# [YOUR OBJECTIVE]
Your answer must consist only of the lines from the start of the entries through the line that holds "Tuve una plataforma", copied exactly, with no pictures.

# [DATA SUPPLIED]
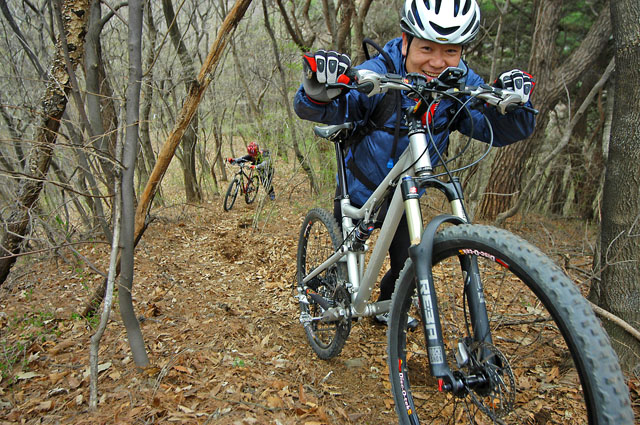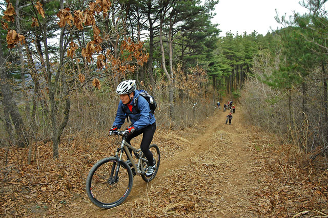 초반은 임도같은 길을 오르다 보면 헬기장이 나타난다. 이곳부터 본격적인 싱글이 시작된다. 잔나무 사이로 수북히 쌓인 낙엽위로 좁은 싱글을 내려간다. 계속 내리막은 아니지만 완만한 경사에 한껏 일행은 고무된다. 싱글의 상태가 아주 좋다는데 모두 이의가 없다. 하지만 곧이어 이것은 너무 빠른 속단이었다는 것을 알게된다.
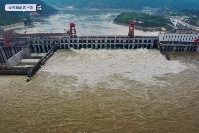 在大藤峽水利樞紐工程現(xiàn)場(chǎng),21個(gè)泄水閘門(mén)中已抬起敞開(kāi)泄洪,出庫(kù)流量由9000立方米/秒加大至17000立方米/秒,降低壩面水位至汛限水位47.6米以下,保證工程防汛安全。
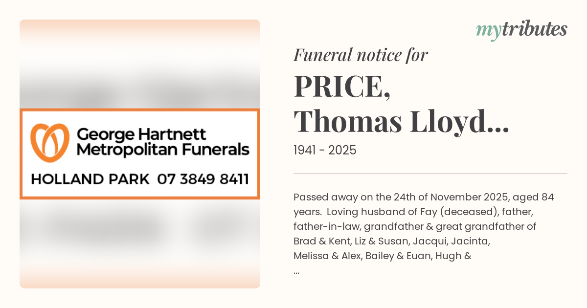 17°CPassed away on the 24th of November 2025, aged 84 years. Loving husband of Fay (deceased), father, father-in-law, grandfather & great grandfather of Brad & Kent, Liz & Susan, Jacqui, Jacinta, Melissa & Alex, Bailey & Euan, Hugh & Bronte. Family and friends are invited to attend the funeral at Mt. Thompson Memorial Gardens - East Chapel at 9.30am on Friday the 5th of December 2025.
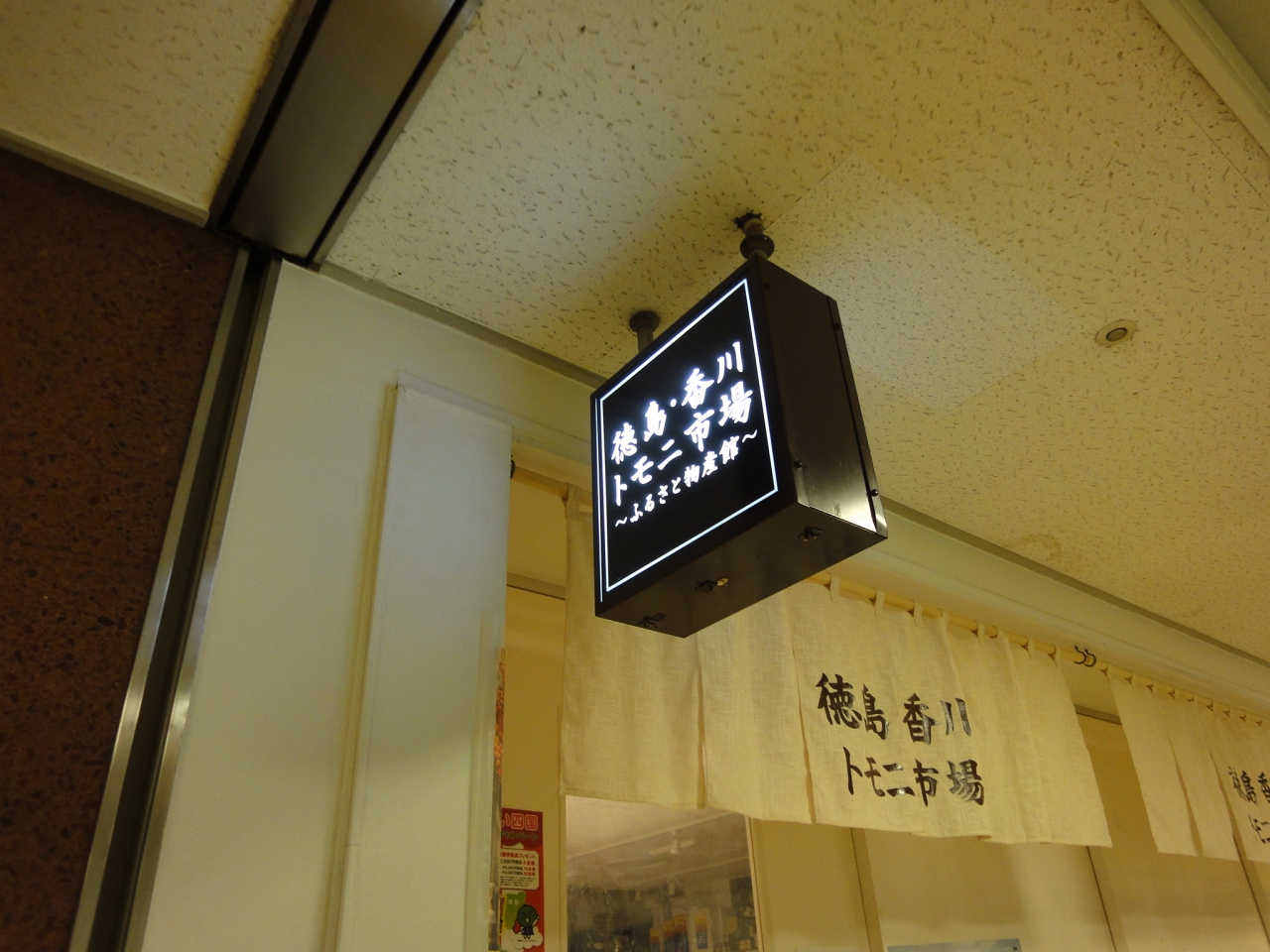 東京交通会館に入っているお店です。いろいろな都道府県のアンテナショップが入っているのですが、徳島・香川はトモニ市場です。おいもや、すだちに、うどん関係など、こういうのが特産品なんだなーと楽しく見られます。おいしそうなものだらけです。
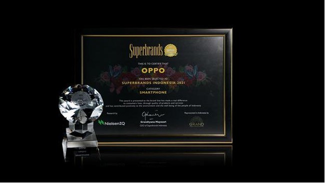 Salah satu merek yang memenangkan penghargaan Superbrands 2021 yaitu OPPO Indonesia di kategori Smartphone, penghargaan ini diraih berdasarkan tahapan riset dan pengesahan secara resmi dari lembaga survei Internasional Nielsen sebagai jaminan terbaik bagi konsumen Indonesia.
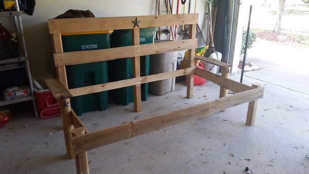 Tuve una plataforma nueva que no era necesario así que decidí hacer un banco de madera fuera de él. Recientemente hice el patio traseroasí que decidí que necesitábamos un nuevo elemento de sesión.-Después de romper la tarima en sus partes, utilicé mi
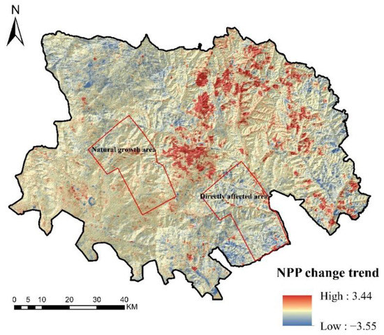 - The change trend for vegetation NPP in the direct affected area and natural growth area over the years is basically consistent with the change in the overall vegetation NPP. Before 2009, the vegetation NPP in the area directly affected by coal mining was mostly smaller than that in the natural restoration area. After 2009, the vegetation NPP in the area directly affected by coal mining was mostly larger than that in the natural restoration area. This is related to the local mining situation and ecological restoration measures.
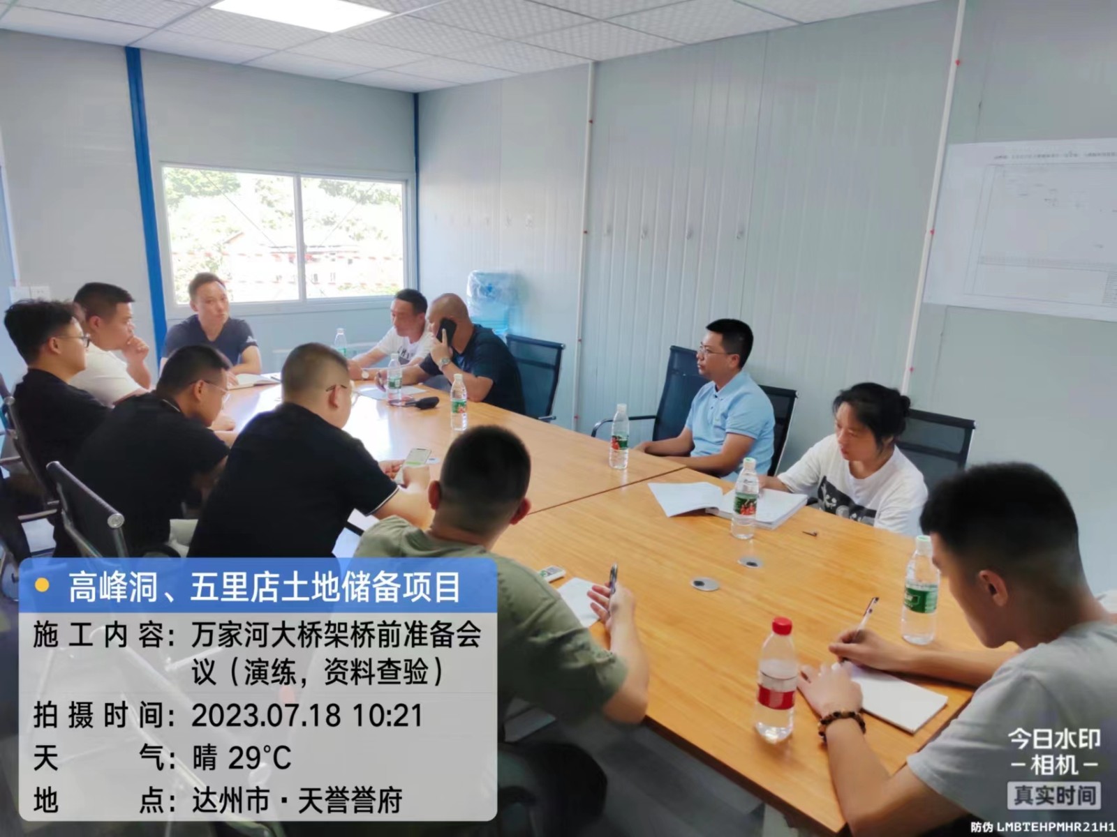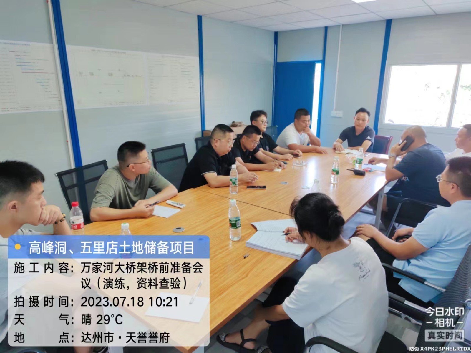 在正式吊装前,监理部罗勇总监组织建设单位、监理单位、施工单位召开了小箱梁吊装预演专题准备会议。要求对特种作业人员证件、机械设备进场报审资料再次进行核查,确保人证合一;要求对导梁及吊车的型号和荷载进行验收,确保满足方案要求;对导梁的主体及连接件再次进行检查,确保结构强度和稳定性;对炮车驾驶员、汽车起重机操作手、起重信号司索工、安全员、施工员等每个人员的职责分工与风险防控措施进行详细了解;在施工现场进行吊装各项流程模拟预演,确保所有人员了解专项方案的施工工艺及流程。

# [RESULT]
 초반은 임도같은 길을 오르다 보면 헬기장이 나타난다. 이곳부터 본격적인 싱글이 시작된다. 잔나무 사이로 수북히 쌓인 낙엽위로 좁은 싱글을 내려간다. 계속 내리막은 아니지만 완만한 경사에 한껏 일행은 고무된다. 싱글의 상태가 아주 좋다는데 모두 이의가 없다. 하지만 곧이어 이것은 너무 빠른 속단이었다는 것을 알게된다.
 在大藤峽水利樞紐工程現(xiàn)場(chǎng),21個(gè)泄水閘門(mén)中已抬起敞開(kāi)泄洪,出庫(kù)流量由9000立方米/秒加大至17000立方米/秒,降低壩面水位至汛限水位47.6米以下,保證工程防汛安全。
 17°CPassed away on the 24th of November 2025, aged 84 years. Loving husband of Fay (deceased), father, father-in-law, grandfather & great grandfather of Brad & Kent, Liz & Susan, Jacqui, Jacinta, Melissa & Alex, Bailey & Euan, Hugh & Bronte. Family and friends are invited to attend the funeral at Mt. Thompson Memorial Gardens - East Chapel at 9.30am on Friday the 5th of December 2025.
 東京交通会館に入っているお店です。いろいろな都道府県のアンテナショップが入っているのですが、徳島・香川はトモニ市場です。おいもや、すだちに、うどん関係など、こういうのが特産品なんだなーと楽しく見られます。おいしそうなものだらけです。
 Salah satu merek yang memenangkan penghargaan Superbrands 2021 yaitu OPPO Indonesia di kategori Smartphone, penghargaan ini diraih berdasarkan tahapan riset dan pengesahan secara resmi dari lembaga survei Internasional Nielsen sebagai jaminan terbaik bagi konsumen Indonesia.
 Tuve una plataforma nueva que no era necesario así que decidí hacer un banco de madera fuera de él. Recientemente hice el patio traseroasí que decidí que necesitábamos un nuevo elemento de sesión.-Después de romper la tarima en sus partes, utilicé mi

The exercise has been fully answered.